14.9 Short selling

Hanumant Dhokle

Short selling is one of the short-term trading strategies. Suppose you are absolutely sure that a stock is going to decline and you want to profit from its regrettable demise. What should be your mode of action? How can you cash in on such a situation? Short selling is an investment strategy where you could increase your value of portfolio during a bear market. Many investors make money on a decline in an individual stock or during a bear market, thanks to an investing technique called short selling .

It is a very simple concept. But it's a concept where most of the investors have trouble understanding. That is because people generally believe that you cannot sell something which you do not have. In a way it is right. In normal situations people buy an asset, hold it to appreciate in value and then sell it off for a profit. But short selling is the opposite since an investor makes money only when a shorted security falls in value.

What Is Short Selling?

First, let's describe what is short selling. Usually you trade through a broker with the help of a trading account which is a cash or margin account. In normal transactions an investor buys a share believing that its price will rise in the future. But when an investor goes on short he or she is anticipating a decrease in the share price.

Investors execute short selling for two reasons:

  1. When they feel the price of a stock is overvalued, they go short on that stock, expecting the prices to come down. Short sellers hope to buy back the stock at a lower level and
  2. Traders also prefer to go short on the cash market when the spot price of a stock is higher than the futures (derivatives) prices. Short selling is the selling of a stock that the seller doesn't own. More specifically, a short sale is the sale of a security that isn't owned by the seller, but one that is promised to be delivered. That may sound confusing, but it's actually a simple concept. When you short sell a stock, your broker will lend it to you. The stock will come from the brokerage’s own inventory, from another one of the firm's customers, or from another brokerage firm. When the shares are sold, the proceeds are credited to you. However, you must 'close' the short by buying back the same number of shares (in other words, this is called covering) and return them to your broker. If the price drops, you can buy back the stock at the lower price and make a profit on the difference. If the price of the stock rises, you have to buy it back at the higher price, and you lose money. For example, Mr Mahesh is sure that the stock price of a particular scrip is going to fall. So how can he make money out of the potential fall of this share price? Suppose IVRCL is selling today at Rs250. So he can sell 100 shares of IVRCL which will fetch him Rs25,000. Later in the day, the share price of IVRCL falls to 220. Now you can decide to buy back those shares at that rate and your cost for the same is just Rs22,000. So what is your profit? It's Rs3,000 in a falling market. Sounds good? Most of the time you can hold a short for as long as you want, although interest is charged on margin accounts and so keeping a short sale open for a long time will cost more. However, you can be forced to cover if the lender wants back the stock you have borrowed. Brokerages can't sell what they don't have, so yours will either have to come up with new shares to borrow, or you will have to cover. This is known as being 'called away'. It doesn’t happen often, but is possible if many investors are short selling a particular security.

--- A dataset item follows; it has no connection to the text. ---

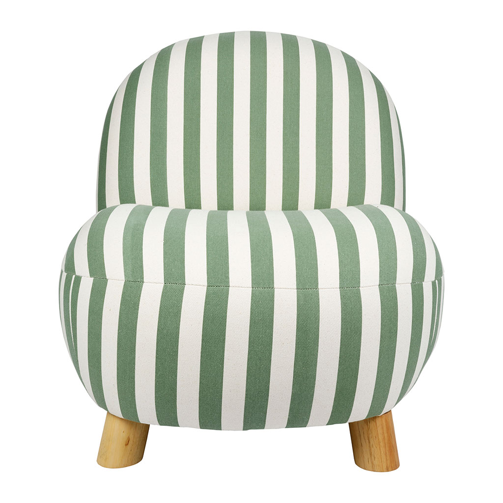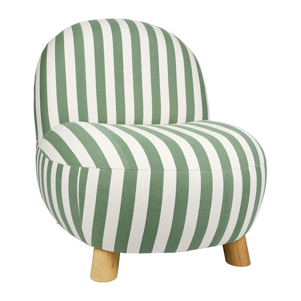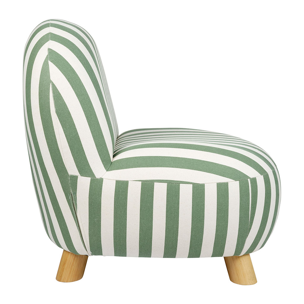 05 56 69 68 67-contact@fabriquedestyles.frFauteuil en coton rayé vert et bois d'hévéa - Belly
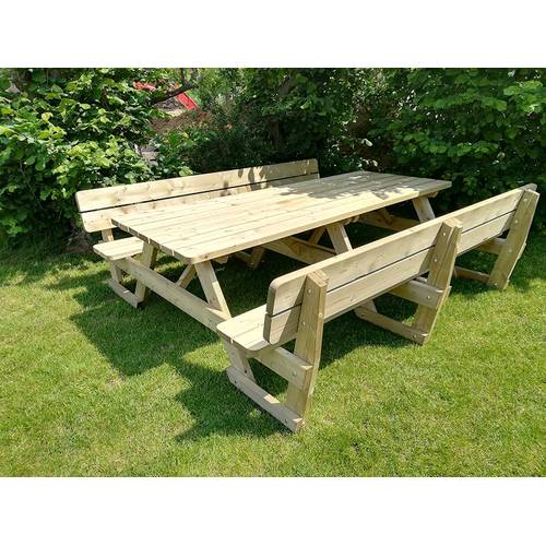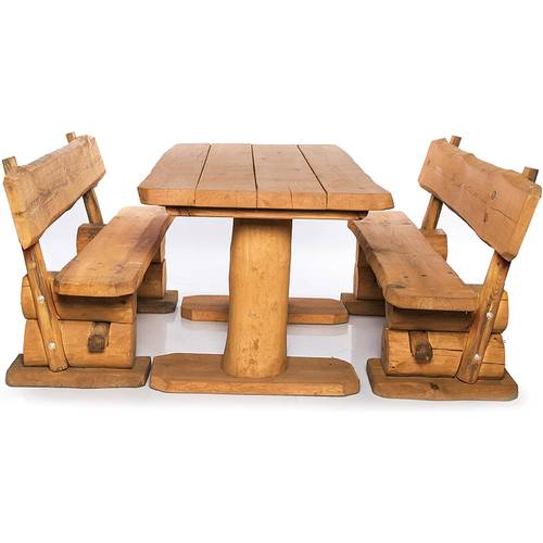 Rustikale Bierzeltgarnituren mit Lehne bestehen komplett aus Holz, also auch die Beine der Garnitur. Sie sind schwerer als Modelle mit einem Gestell aus Metall. Das Erscheinungsbild der rustikalen Bierzeltgarnitur mit Lehne ist jedoch einheitlich und gilt als hochwertig.

Since you don't own the stock you are short selling (you borrowed and then sold it), you must pay the lender of the stock any dividends or rights declared during the course of the loan. In India, the Securities and Exchange Board of India (SEBI) in 2007 allowed short selling of shares by all classes of investors, both institutional and retail. Short selling had been banned by the regulator in the wake of the Ketan Parekh scam in 2001. Naked short selling, or naked shorting, is the practice of selling a financial instrument short without first borrowing the security or ensuring that the security can be borrowed as is done in a conventional short sale. When the seller does not obtain the shares within the required time frame, the result is known as 'fail to deliver'. The transaction generally remains open until the shares are acquired by the seller, or the seller’s broker, allowing the trade to be settled. Naked short selling can be used to manipulate the price of securities by driving their price down, and its use in this way is illegal.